Data shown -
------------------------

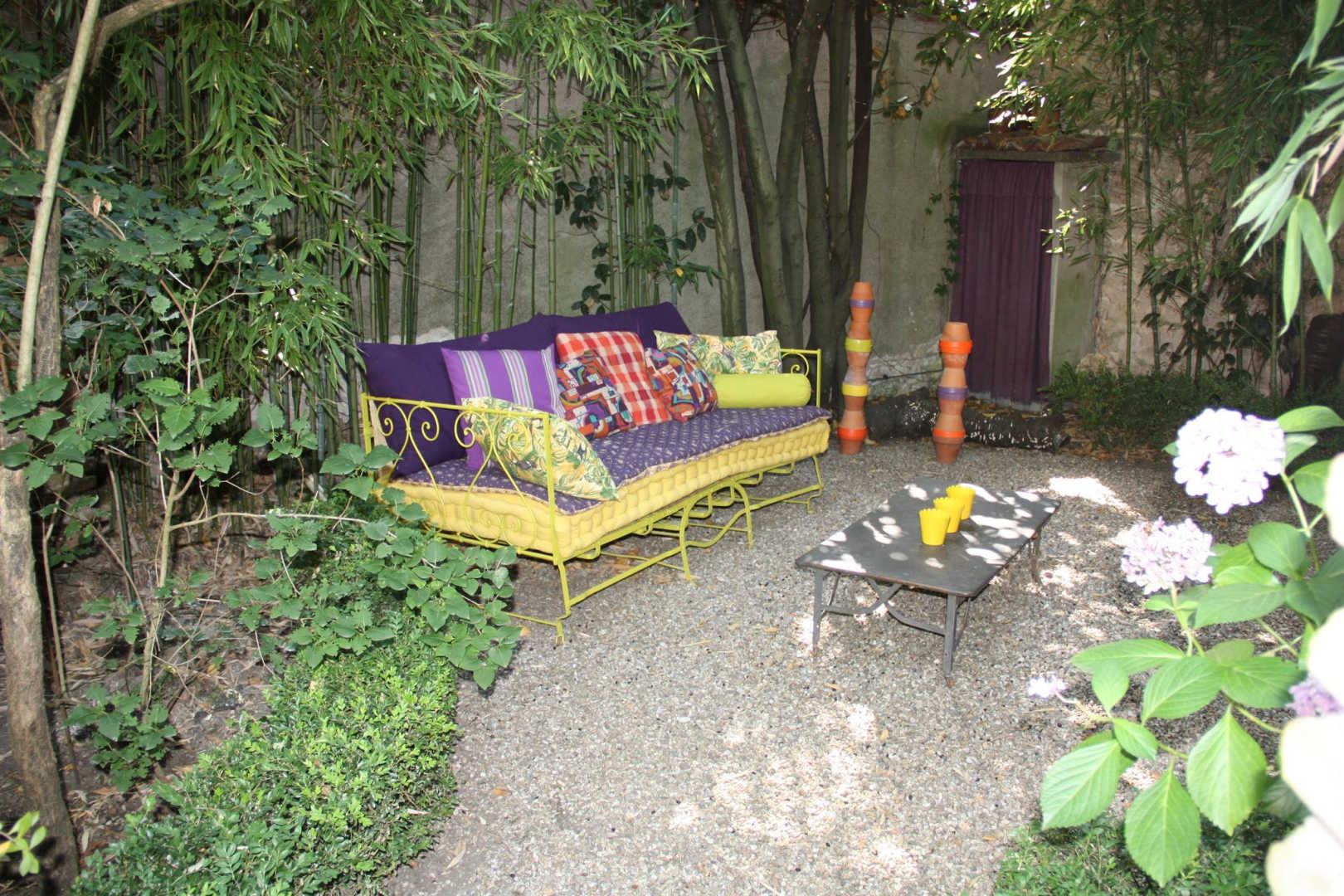 Jardin arboré de 700 m² clos de murs. En plus de la piscine, vous y trouvez entre autres une fraiche tonnelle entourée de bambous et équipée pour vos moments de détente sans oublier un barbecue en pierre. Outre la tonnelle, vous pouvez également utiliser la terrasse en bas du gite pour y prendre vos repas sur la table qui y est à tout moment à votre disposition.
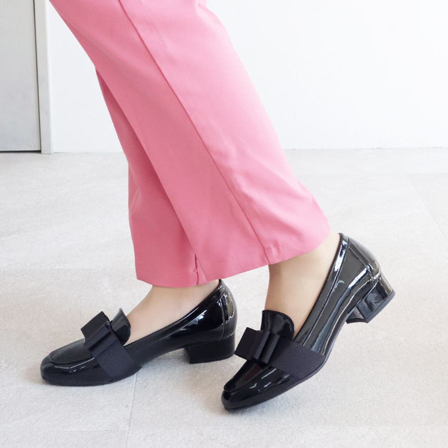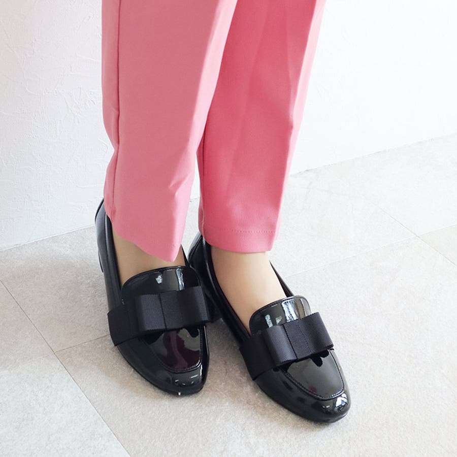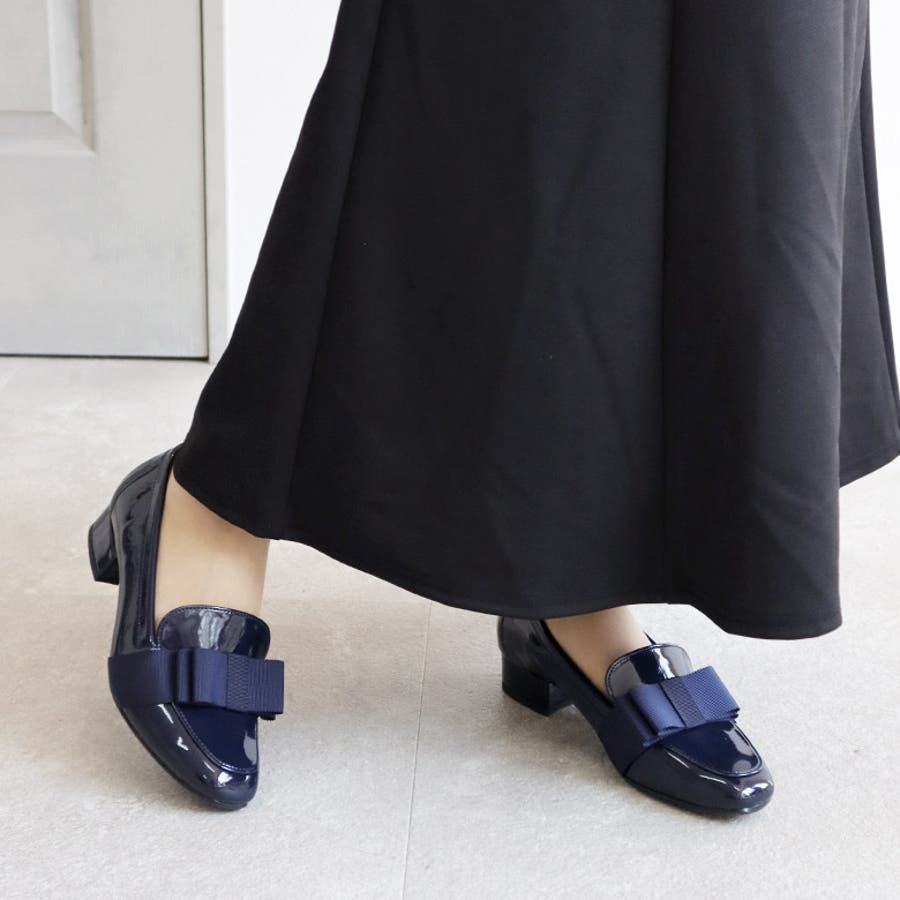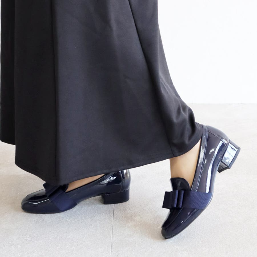 日本製 グログランリボン ローファー パンプス 晴雨兼用 レイン
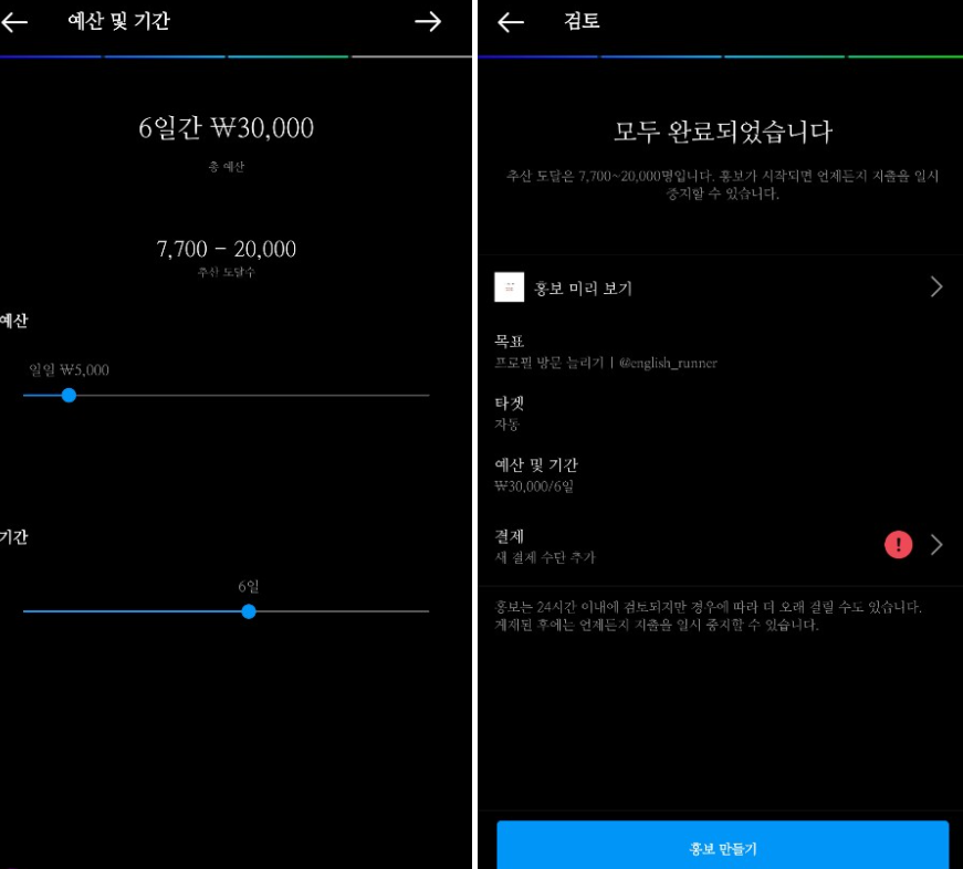 4) 홍보 만들기를 클릭합니다. 그전에 결제수단을 클릭해 예산을 지불할 수 있는 계좌를 추가합니다.
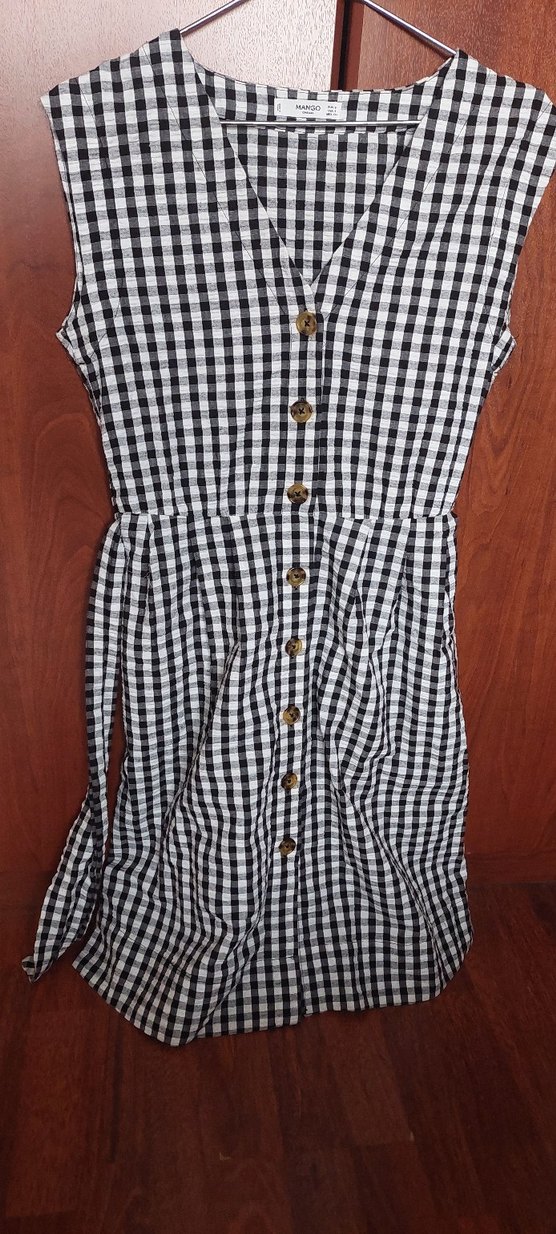 Mango düğmeli V Yakalı Kareli Midi Elbise

------------------------

Assigned task -
In the copy, include exactly the lines from the one with "4) 홍보 만들기를 클릭합니다." through the final line of the data, both ends included, and no pictures.

Exercise output -
 4) 홍보 만들기를 클릭합니다. 그전에 결제수단을 클릭해 예산을 지불할 수 있는 계좌를 추가합니다.
 Mango düğmeli V Yakalı Kareli Midi Elbise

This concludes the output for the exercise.